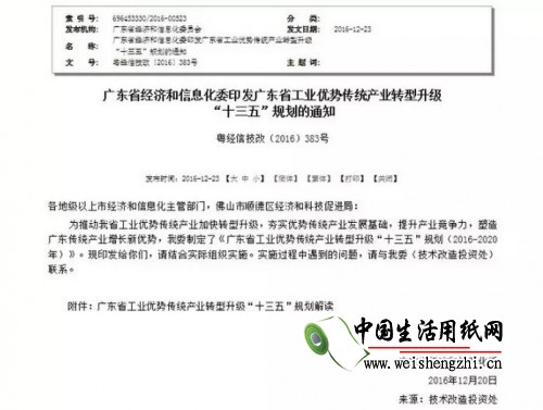 解讀:造紙行業產能過剩、行業集中度不高已經成為行業共識,"十二五"期間廣東省造紙行業已淘汰了176.14萬噸的落后產能。在“十三五”期間,設置了9個任務:一是著力供給側結構性改革;二是引導企業創新驅動;三是推動產業技術創新;四是促進工業化和信息化融合發展;五是推動生產性服務業發展;六是持續深入推進產業轉移;七是引導綠色低碳發展;八是培育發展大型骨干企業;九是扶持發展小微企業。推動實施創新驅動發展戰略,加快轉型升級。
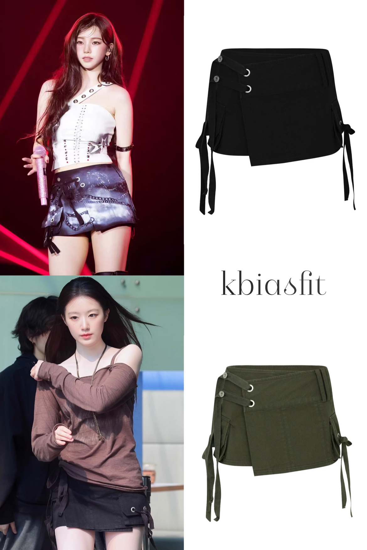 Step into the spotlight with this K-pop idol inspired buckle cargo skirt — the exact edgy-chic look seen on aespa’s Karina and (G)I-DLE’s Shuhua. Designed to blend utility and style, this skirt brings attitude to every step.
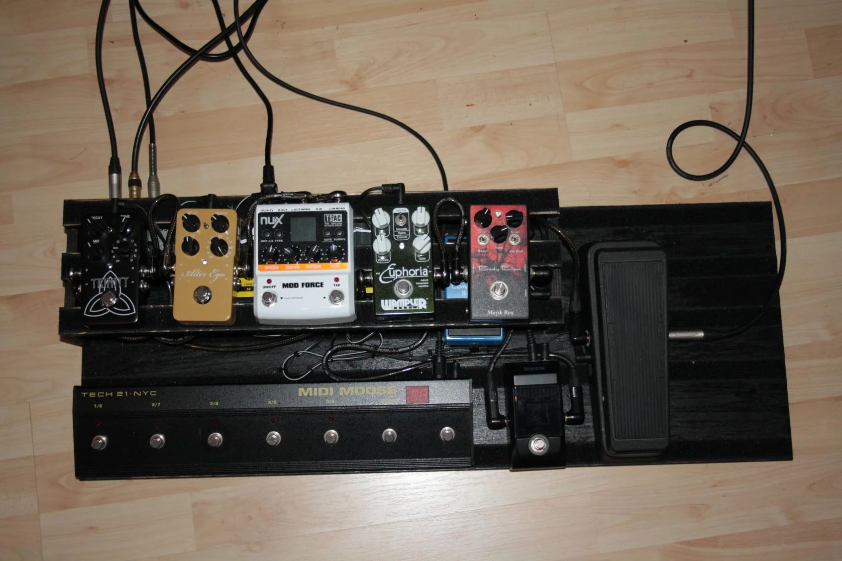 So, mein Pedalboard hat sich auch wieder ganz schön verändert. Leider mit einer Kartoffel fotografiert, bitte entschuldigen.
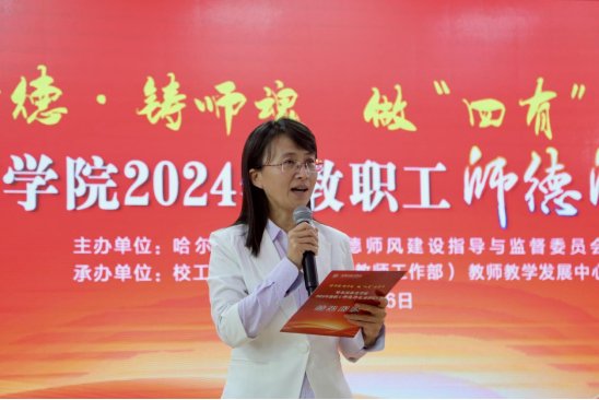 6月6日下午,由校工会、人事处(党委教师工作部)、教师教学发展中心联合举办的“修师德·铸师魂·做‘四有’好老师”2024年教职工师德师风演讲比赛在崇德楼学术报告厅举行。学校党委书记兰景力,党委副书记姜玉洪,副校长齐景嘉、王广贵,工会主席赵俊岭,学校副处级以上干部以及师生代表共计200余人观看了比赛。
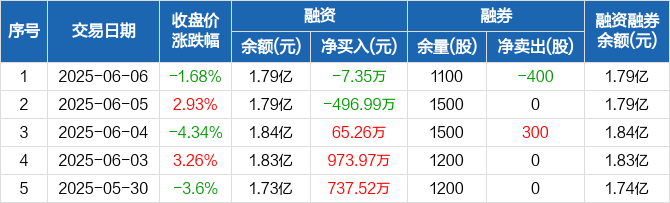 融资方面,当日融资买入583.97万元,融资偿还591.33万元,融资净偿还7.35万元。融券方面,融券卖出0股,融券偿还400股,融券余量1100股,融券余额6.04万元。融资融券余额合计1.79亿元。
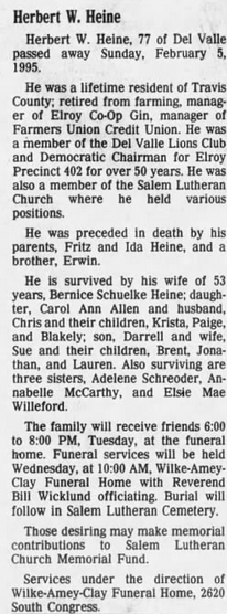 The Austin American listed Herbert Heine as the owner and manager of Elroy Co-op Gin in 1965. He was also a ginner then too. (Ref: https://www.newspapers.com/newspage/386435900/)
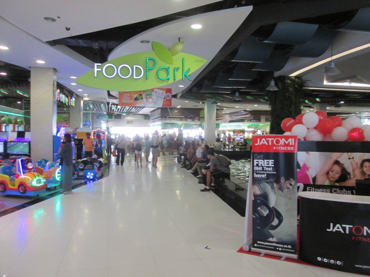 BIGCのフードコートは単に食事をする場所ではありません。エントランスに「FOOD Park」の文字があるように、ゲームセンターやカラオケが併設されており、ゲームは家族、カラオケは学生をターゲットに集客しています。
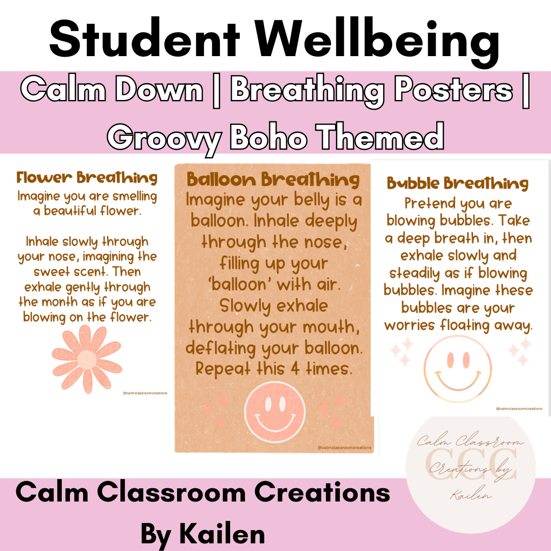 Student Wellbeing | Calm Down Breathing Posters | Groovy Boho Themed
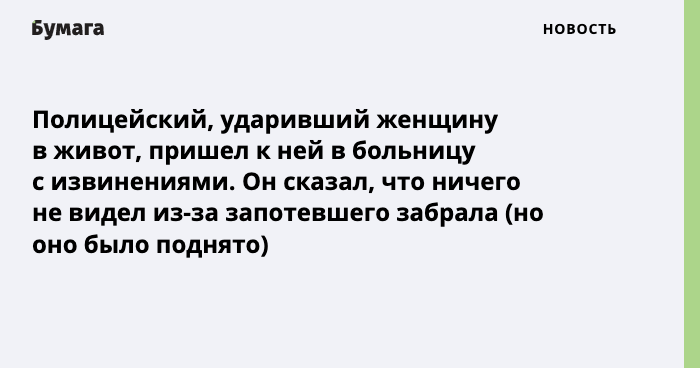Полицейский, ударивший женщину в живот, пришел к ней в больницу с извинениями
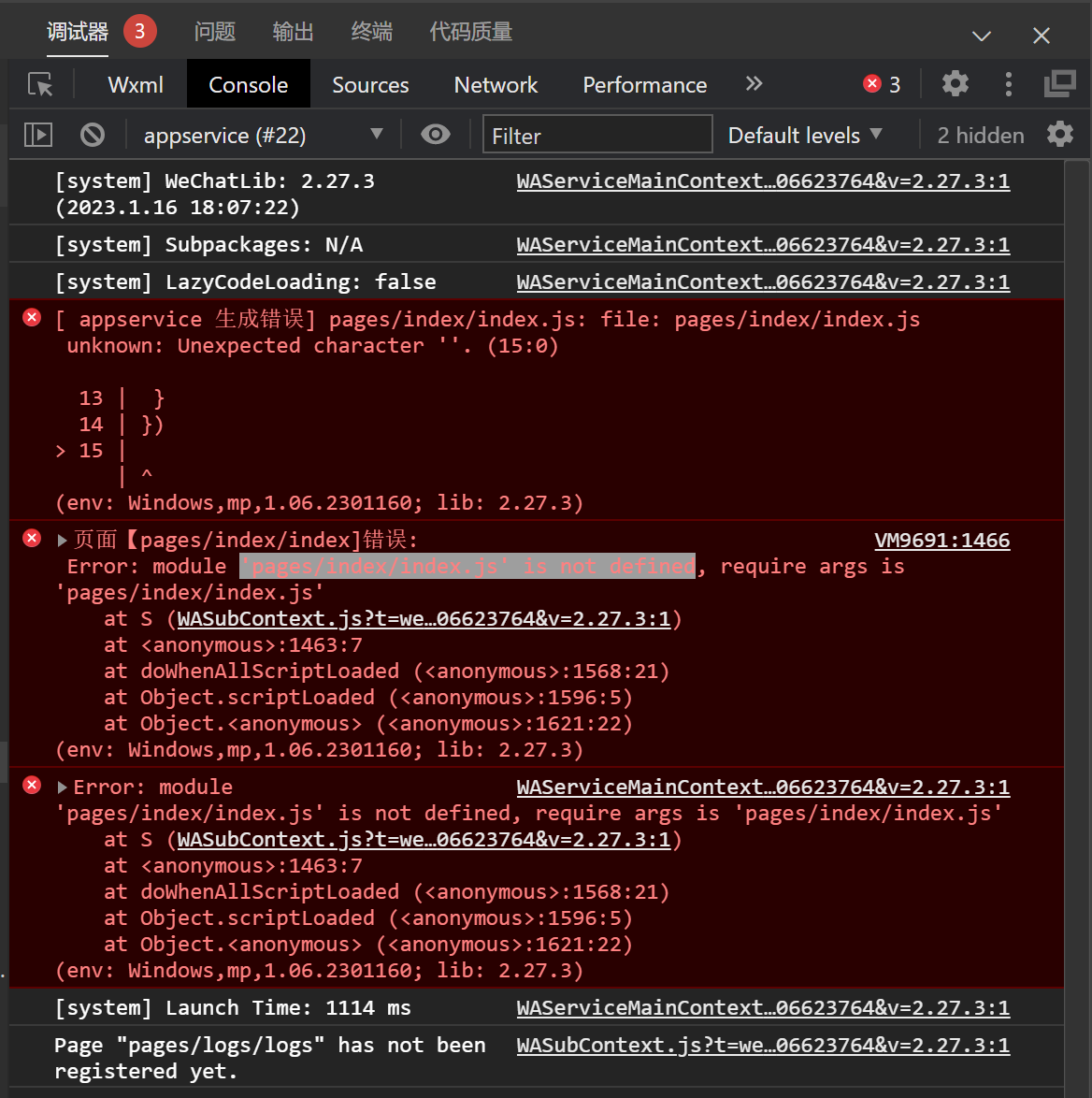 第一个error说明页面代码有错误
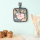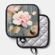 A watercolor of a light blush flower on a blue-gray and pink background with white streaks like rain creates a beautiful and romantic pot holder.
· · · · · · ·
> INSTRUCTIONS TO FOLLOW: Without carrying over any picture, write out the entries above once more, exactly.

> REPLY:
 解讀:造紙行業產能過剩、行業集中度不高已經成為行業共識,"十二五"期間廣東省造紙行業已淘汰了176.14萬噸的落后產能。在“十三五”期間,設置了9個任務:一是著力供給側結構性改革;二是引導企業創新驅動;三是推動產業技術創新;四是促進工業化和信息化融合發展;五是推動生產性服務業發展;六是持續深入推進產業轉移;七是引導綠色低碳發展;八是培育發展大型骨干企業;九是扶持發展小微企業。推動實施創新驅動發展戰略,加快轉型升級。
 Step into the spotlight with this K-pop idol inspired buckle cargo skirt — the exact edgy-chic look seen on aespa’s Karina and (G)I-DLE’s Shuhua. Designed to blend utility and style, this skirt brings attitude to every step.
 So, mein Pedalboard hat sich auch wieder ganz schön verändert. Leider mit einer Kartoffel fotografiert, bitte entschuldigen.
 6月6日下午,由校工会、人事处(党委教师工作部)、教师教学发展中心联合举办的“修师德·铸师魂·做‘四有’好老师”2024年教职工师德师风演讲比赛在崇德楼学术报告厅举行。学校党委书记兰景力,党委副书记姜玉洪,副校长齐景嘉、王广贵,工会主席赵俊岭,学校副处级以上干部以及师生代表共计200余人观看了比赛。
 融资方面,当日融资买入583.97万元,融资偿还591.33万元,融资净偿还7.35万元。融券方面,融券卖出0股,融券偿还400股,融券余量1100股,融券余额6.04万元。融资融券余额合计1.79亿元。
 The Austin American listed Herbert Heine as the owner and manager of Elroy Co-op Gin in 1965. He was also a ginner then too. (Ref: https://www.newspapers.com/newspage/386435900/)
 BIGCのフードコートは単に食事をする場所ではありません。エントランスに「FOOD Park」の文字があるように、ゲームセンターやカラオケが併設されており、ゲームは家族、カラオケは学生をターゲットに集客しています。
 Student Wellbeing | Calm Down Breathing Posters | Groovy Boho Themed
Полицейский, ударивший женщину в живот, пришел к ней в больницу с извинениями
 第一个error说明页面代码有错误
 A watercolor of a light blush flower on a blue-gray and pink background with white streaks like rain creates a beautiful and romantic pot holder.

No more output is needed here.